The intonation output results are shown in table 4:
Figure BDA0001964146400000111
Figure BDA0001964146400000121
TABLE 4
After completing the prosody level analysis, acquiring a practice sentence of the user based on the standard prosody level sentence, determining a prosody chunk with an error in the practice sentence based on the prosody level, and outputting prompting information for prompting the user to practice the prosody chunk. In brief, different prosody chunks exist in one sentence, and the system analyzes each prosody chunk so as to determine whether an error exists in the practice sentence of the user, and if the error exists, a user prompt is given and the position of the error is prompted.
And when errors exist, the system enters a repeated exercise stage of the error rhythm chunk, and detects whether the rhythm chunk currently exercised by the user passes the evaluation, wherein the evaluation is based on the method, if the evaluation fails, the system prompts the user to continue the exercise of the current rhythm chunk, and if the evaluation passes, the system is switched from the current rhythm chunk to the next rhythm chunk with errors to exercise.

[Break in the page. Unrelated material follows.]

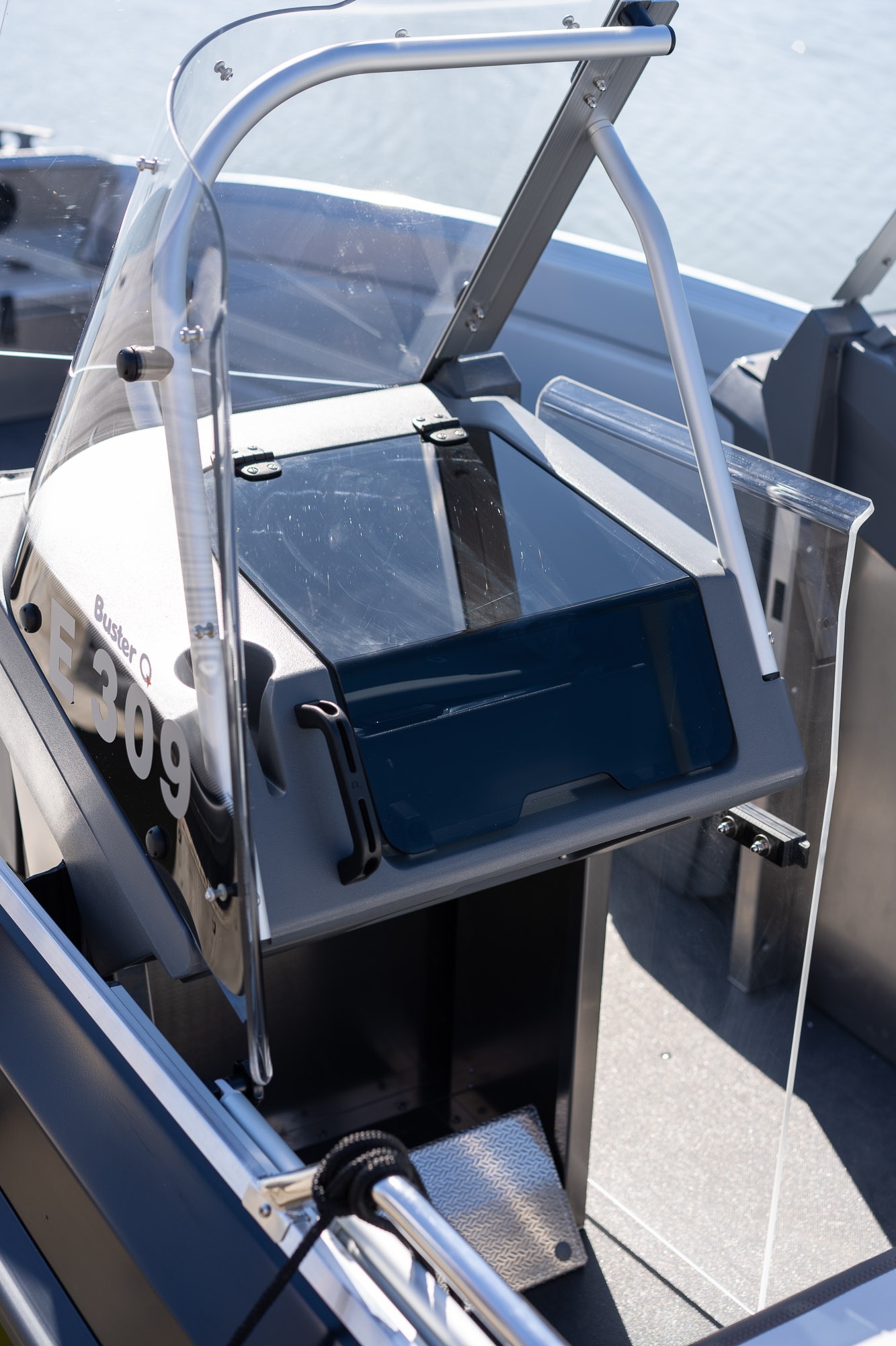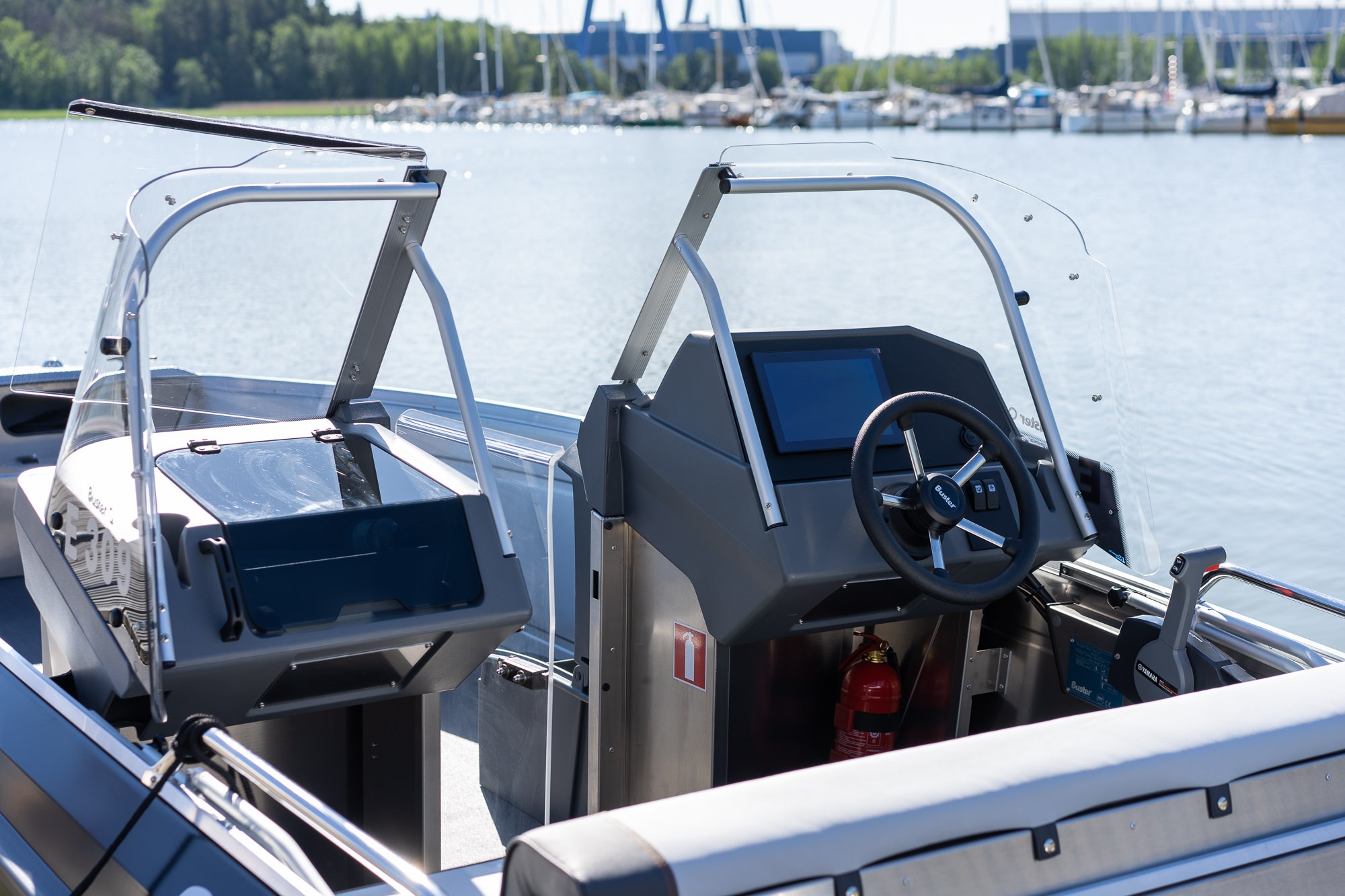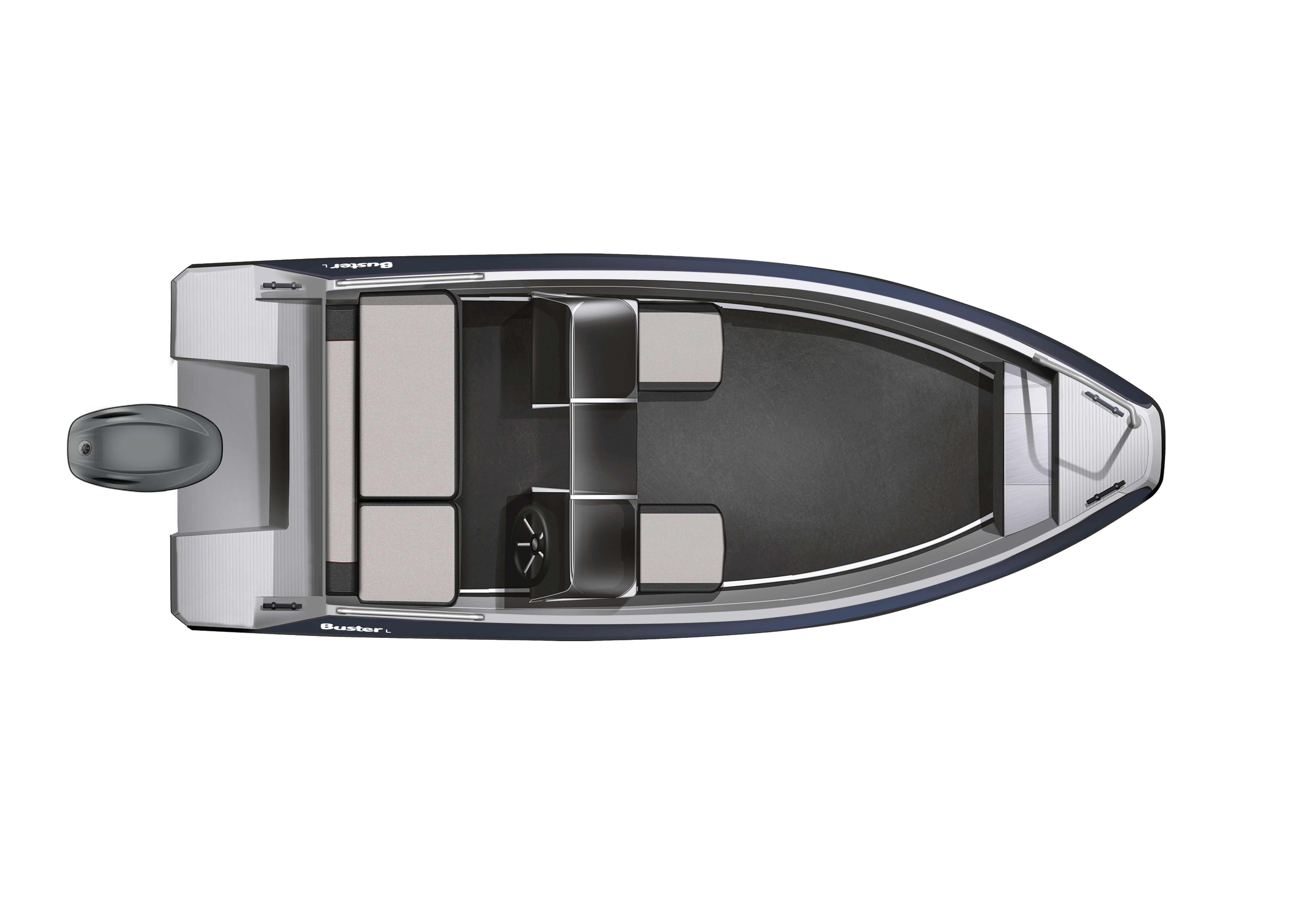 Standardní vybavení Buster L2 zahrnuje např. ergonomické konzole s bočními ochrannými skly, které lze kombinovat s volitelnými pevnými dveřmi, umístěními mezi konzole. Cestující na zadních sedadlech za dvojitými konzolami jsou tak bezpečně chráněni před větrem i stříkající vodou. Odnímatelné zadní sedadlo a úložné boxy na 45 l v sedačkách před konzolami poskytují praktický úložný prostor a umožňují přizpůsobení člunu vašim potřebám. Další úložný prostor lze doplnit volitelným příďovým sedadlem Rodbox.

By the method provided by the invention, prosody hierarchy analysis is carried out on the text of the input sentence, so that a linear word sequence of a whole sentence is converted into a prosody hierarchy structure, and a user can learn and master the method for carrying out prosody structure analysis on the text and use the method in pronunciation. By the method, the user can master the use of intonation and rereading when the sentence is read.
In addition, the prosodic chunks of the sentences of the user can be decomposed and analyzed, and errors of the user in each prosodic chunk of the sentences are determined, so that the user can do partial exercise aiming at each prosodic chunk and even aiming at a single word, and the pertinence and the learning efficiency of the reading-aloud learning are improved.
Corresponding to the method provided by the embodiment of the present invention, an embodiment of the present invention further provides a statement analysis processing system, and as shown in fig. 3, the present invention is a schematic structural diagram of a statement analysis processing system in the embodiment of the present invention, where the system includes:
the analysis module 301 is configured to perform prosody level analysis on the exercise sentences, determine chunk time boundaries of each prosodic chunk in each sentence, and set intonation marks for the exercise sentences according to the determined chunk time boundaries; setting a re-reading mark for the exercise sentence according to the determined chunk time boundary, wherein the prosodic chunk comprises at least one word, and the time boundary represents the pause position of the sentence;
a processing module 302, configured to use the determined chunk time boundary, the intonation flag, and the practice sentence with the re-reading flag as a standard prosody level sentence.
Further, in this embodiment of the present invention, the analysis module 301 is specifically configured to perform prosody level analysis on the practice sentence, and determine a word time boundary corresponding to each word in the practice sentence; determining the chunk time boundaries for each prosodic chunk based on the word time boundaries for each word.
Further, in the embodiment of the present invention, the analysis module 301 is specifically configured to determine a sentence level in the practice sentence according to the word time boundary of each word; determining a intonation phrase layer in the sentence layer; determining a prosodic phrase layer in the intonation phrase layer; determining the chunk time boundary of each prosodic chunk according to the sentence layer, the intonation phrase layer, and the prosodic phrase layer.
Further, in this embodiment of the present invention, the analysis module 301 is specifically configured to obtain data in the exercise sentence and obtain a tone labeling set, where the data includes each line of text and a voice corresponding to each line of text, and the labeling set includes each tone; and setting tone marks for each word based on the data and the label set in the exercise sentence and according to the determined word time boundary.
Further, in this embodiment of the present invention, the analysis module 301 is specifically configured to obtain data in the exercise sentence and obtain a rereading annotation set; and based on the data in the exercise sentence and the obtained re-reading labeling set, and according to the determined word time boundary, re-reading labeling is carried out on each word.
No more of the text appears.